* [What you need to do]: Everything from the line containing "For reference, SanDisk’s" through the last line of the listing below should be returned exactly, except for pictures.

* [Dataset extract]:
^^^^^^^^

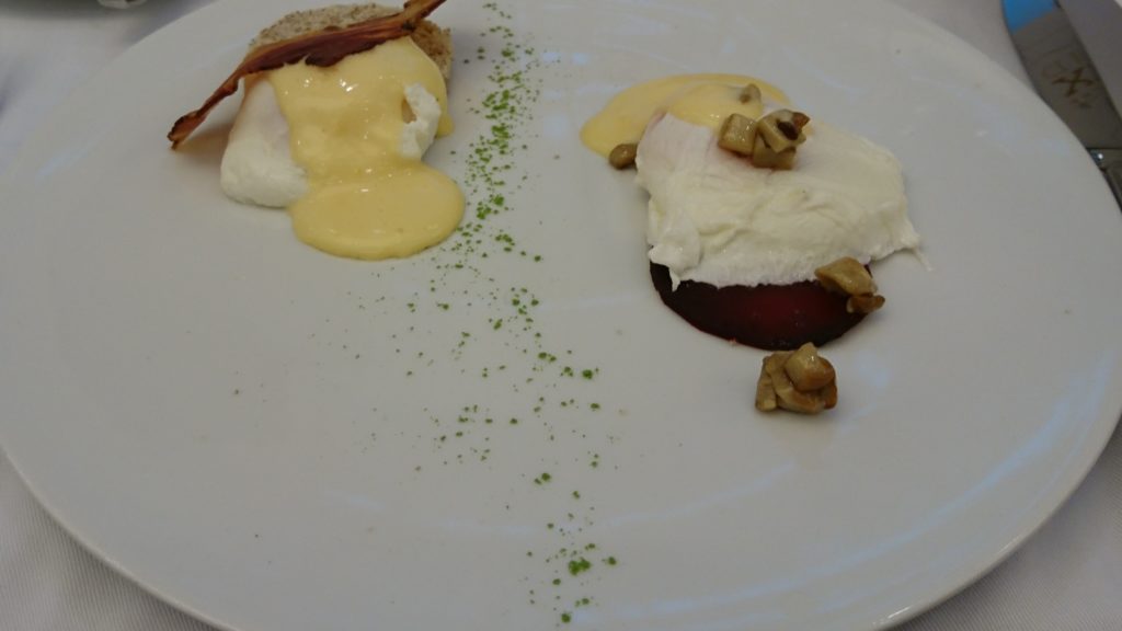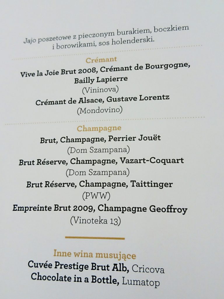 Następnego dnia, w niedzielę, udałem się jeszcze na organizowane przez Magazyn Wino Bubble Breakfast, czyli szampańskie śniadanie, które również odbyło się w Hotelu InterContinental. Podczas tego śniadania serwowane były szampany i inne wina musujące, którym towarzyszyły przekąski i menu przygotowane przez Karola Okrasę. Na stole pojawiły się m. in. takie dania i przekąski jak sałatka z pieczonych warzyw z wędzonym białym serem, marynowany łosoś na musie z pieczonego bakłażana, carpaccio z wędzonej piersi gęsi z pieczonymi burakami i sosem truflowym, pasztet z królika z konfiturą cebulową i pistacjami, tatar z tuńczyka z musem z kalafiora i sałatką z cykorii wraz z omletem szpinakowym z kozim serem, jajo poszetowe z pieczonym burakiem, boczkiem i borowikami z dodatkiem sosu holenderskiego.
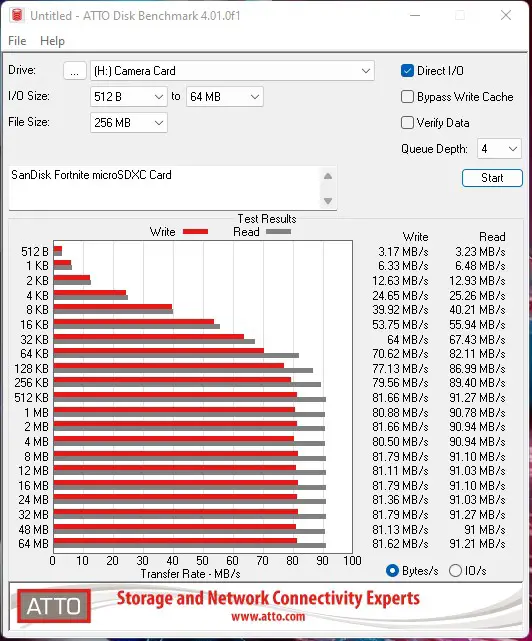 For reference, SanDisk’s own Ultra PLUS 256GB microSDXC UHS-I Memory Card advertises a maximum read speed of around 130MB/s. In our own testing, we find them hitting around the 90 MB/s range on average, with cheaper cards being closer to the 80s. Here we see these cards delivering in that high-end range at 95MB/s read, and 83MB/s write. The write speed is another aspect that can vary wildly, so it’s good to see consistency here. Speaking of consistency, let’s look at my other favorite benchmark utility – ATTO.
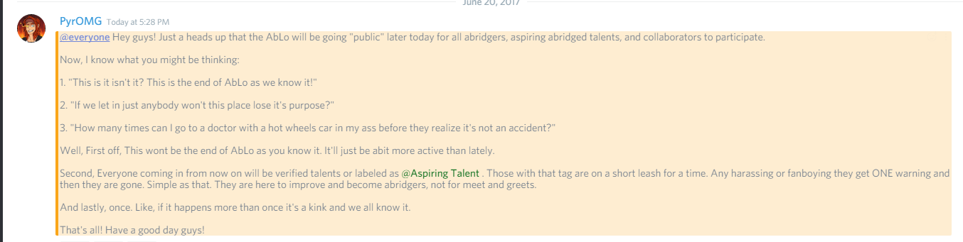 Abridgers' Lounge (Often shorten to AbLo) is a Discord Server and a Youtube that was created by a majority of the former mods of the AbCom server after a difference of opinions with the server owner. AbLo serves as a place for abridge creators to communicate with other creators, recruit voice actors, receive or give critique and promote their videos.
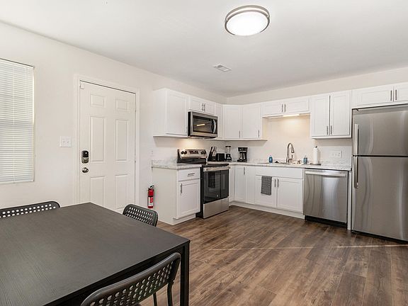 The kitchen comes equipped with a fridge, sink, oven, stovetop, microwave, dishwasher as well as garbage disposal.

^^^^^^^^

* [Response area]:
 For reference, SanDisk’s own Ultra PLUS 256GB microSDXC UHS-I Memory Card advertises a maximum read speed of around 130MB/s. In our own testing, we find them hitting around the 90 MB/s range on average, with cheaper cards being closer to the 80s. Here we see these cards delivering in that high-end range at 95MB/s read, and 83MB/s write. The write speed is another aspect that can vary wildly, so it’s good to see consistency here. Speaking of consistency, let’s look at my other favorite benchmark utility – ATTO.
 Abridgers' Lounge (Often shorten to AbLo) is a Discord Server and a Youtube that was created by a majority of the former mods of the AbCom server after a difference of opinions with the server owner. AbLo serves as a place for abridge creators to communicate with other creators, recruit voice actors, receive or give critique and promote their videos.
 The kitchen comes equipped with a fridge, sink, oven, stovetop, microwave, dishwasher as well as garbage disposal.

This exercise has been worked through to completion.